Purwakarta, Delikkasus86.com
Bupati Purwakarta Saepul Bahri Binzein didesak tokoh masyarakat sekitar untuk mengambil langkah tegas terhadap oknum Aparatur Sipil Negara (ASN) maupun kontraktor pelaksana yang dinilai tidak profesional dalam menjalankan proyek pembangunan infrastruktur publik.
Sorotan tajam ini tertuju pada proyek Rehabilitasi Jalan Lingkungan Paket 10 di bawah naungan Dinas Perumahan dan Kawasan Pemukiman (Disperkim) Kabupaten Purwakarta. Proyek yang bersumber dari anggaran APBD Tahun Anggaran 2026 senilai Rp2.975.169.434,00 tersebut dilaksanakan oleh kontraktor penyedia jasa CV. JIWA BESAR JUARA.
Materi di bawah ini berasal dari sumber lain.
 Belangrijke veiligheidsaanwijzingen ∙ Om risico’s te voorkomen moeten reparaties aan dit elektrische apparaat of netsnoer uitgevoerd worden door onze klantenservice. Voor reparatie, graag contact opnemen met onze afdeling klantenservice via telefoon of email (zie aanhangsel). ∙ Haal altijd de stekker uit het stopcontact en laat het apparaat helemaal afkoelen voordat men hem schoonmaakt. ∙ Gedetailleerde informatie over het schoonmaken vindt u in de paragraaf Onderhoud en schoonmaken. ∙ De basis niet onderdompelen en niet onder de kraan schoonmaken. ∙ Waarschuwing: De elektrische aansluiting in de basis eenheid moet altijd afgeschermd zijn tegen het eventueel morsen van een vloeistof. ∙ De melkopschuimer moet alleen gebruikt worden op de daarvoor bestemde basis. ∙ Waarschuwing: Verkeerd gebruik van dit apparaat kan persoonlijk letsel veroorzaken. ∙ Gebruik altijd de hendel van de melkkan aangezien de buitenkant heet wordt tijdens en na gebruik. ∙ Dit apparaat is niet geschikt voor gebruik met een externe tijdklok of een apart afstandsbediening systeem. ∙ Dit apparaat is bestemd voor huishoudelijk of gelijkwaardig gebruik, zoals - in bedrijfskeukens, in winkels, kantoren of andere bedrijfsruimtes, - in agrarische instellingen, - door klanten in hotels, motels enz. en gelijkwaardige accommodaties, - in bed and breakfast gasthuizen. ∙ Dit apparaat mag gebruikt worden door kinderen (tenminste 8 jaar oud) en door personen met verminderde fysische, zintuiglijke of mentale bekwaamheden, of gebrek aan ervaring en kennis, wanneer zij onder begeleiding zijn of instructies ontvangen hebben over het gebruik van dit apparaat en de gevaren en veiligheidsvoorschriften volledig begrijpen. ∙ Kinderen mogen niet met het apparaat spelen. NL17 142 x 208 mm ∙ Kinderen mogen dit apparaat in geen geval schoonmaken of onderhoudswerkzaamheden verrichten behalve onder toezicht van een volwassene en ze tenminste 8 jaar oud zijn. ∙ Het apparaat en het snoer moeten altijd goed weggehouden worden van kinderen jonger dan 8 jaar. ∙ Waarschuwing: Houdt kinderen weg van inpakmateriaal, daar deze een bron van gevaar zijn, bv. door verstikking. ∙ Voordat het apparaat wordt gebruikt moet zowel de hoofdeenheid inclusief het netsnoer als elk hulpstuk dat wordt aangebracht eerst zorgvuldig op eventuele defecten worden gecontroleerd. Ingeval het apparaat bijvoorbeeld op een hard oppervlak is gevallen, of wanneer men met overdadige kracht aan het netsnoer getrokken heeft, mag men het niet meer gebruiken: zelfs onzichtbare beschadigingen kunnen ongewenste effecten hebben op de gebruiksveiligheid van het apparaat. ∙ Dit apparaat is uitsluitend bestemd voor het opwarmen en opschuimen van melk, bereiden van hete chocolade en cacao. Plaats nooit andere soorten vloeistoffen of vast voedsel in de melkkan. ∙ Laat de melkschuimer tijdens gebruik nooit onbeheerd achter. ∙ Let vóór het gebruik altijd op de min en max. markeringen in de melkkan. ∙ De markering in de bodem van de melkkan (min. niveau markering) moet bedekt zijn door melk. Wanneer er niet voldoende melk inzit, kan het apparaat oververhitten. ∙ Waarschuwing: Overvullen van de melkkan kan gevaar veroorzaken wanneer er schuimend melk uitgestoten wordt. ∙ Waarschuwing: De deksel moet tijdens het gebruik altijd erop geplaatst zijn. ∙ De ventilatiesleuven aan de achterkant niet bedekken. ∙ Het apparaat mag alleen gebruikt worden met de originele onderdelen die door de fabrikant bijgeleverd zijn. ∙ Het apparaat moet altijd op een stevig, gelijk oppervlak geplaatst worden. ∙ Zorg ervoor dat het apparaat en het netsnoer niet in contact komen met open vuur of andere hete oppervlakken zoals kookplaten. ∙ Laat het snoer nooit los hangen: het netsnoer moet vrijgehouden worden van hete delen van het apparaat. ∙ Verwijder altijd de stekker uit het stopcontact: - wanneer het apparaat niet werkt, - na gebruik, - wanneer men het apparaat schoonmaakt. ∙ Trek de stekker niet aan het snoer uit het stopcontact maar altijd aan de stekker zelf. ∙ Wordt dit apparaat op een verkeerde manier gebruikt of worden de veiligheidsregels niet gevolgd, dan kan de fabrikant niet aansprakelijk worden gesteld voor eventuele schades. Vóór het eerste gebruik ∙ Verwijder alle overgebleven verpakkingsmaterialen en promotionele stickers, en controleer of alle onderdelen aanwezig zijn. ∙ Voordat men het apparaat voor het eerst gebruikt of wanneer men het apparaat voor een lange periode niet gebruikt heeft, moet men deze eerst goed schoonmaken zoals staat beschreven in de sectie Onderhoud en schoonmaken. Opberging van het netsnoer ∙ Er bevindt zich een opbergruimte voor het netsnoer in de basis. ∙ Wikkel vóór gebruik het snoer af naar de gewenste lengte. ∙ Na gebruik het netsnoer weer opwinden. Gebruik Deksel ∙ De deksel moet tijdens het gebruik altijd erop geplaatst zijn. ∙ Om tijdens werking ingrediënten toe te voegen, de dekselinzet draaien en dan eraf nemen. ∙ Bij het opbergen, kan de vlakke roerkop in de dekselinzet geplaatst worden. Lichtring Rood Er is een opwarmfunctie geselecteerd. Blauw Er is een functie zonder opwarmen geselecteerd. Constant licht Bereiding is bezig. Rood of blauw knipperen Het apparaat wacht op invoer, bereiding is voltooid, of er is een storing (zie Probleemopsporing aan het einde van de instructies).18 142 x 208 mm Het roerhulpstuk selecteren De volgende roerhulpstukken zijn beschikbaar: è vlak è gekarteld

Pekerjaan yang mencakup wilayah Desa Cibogohilir dan Gandasoli Kec. Plered ini diduga dikerjakan secara asal-asalan, khususnya pada item pemasangan drainase U-Ditch.
Terkait Indikasi Mengabaikan Standar TeknisHasil pengerjaan di lapangan disinyalir kuat tidak memenuhi spesifikasi dan standar teknis yang telah ditetapkan. Kualitas konstruksi yang buruk dikhawatirkan tidak akan bertahan lama atau “seumur jagung,” sehingga berpotensi merugikan masyarakat luas sebagai penerima manfaat.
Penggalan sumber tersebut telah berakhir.